When we do get Single Payer (Not "if", "when". The industry is in its death throes, and no one involved, least of all its most faithful slaves in Congress, is smart enough to revive it, much as they might want to.), it will indeed need a mechanism to set prices to replace the dependence Medicare now has for that function on the portion of the market that now gets its prices negotiated by the insurance industry. Fiat pricing would be a bad, very bad, idea. But the obvious alternative would be for the Single Payer to run a market, really many geographical markets, because medical services are inherently geographically limited, and let supply and demand run free to set prices within that market. Of course these markets won't work unless the provider cartels and monopolies are destroyed, and trade in those markets is freed of those restraints on trade.

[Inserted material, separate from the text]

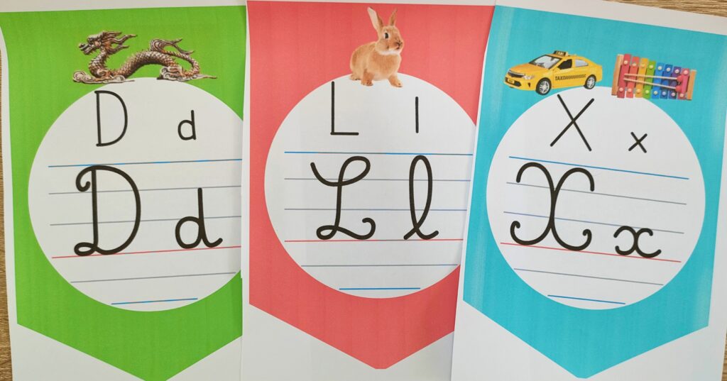 L’alphabet est généralement un support qu’on laisse accroché toute l’année dans la classe, alors que les affiches des graphèmes sont placées au fur et à mesure des apprentissages.

No one, not even people who think they want Single Payer, seems ready to face that set of entailments of Single Payer, and that is my best explanation of why it is not necessarily dishonest or dishonorable to not be for Single Payer, or interim arrangements, such as the public option, that would swiftly lead to Single Payer.
If you can't explain how the Single Payer is going to arrive at the prices that providers will be allowed to charge, you shouldn't be calling the president a sell-out or a coward. If you are still trying to maintain the pleasant fiction that a robust public option will not rather quickly kill off an industry that is on its deathbed already, leaving us with a Single Payer that will have the responsibility to figure out some scheme for setting prices to fill in for the deceased industry, perhaps you need to ackowledge paternity and face your responsbilities. Maybe the president is getting a bit squirrelly about now because he sees a difficulty you are free to feel brave about only because you can't see it yourself, and won't take responsibility for addressing.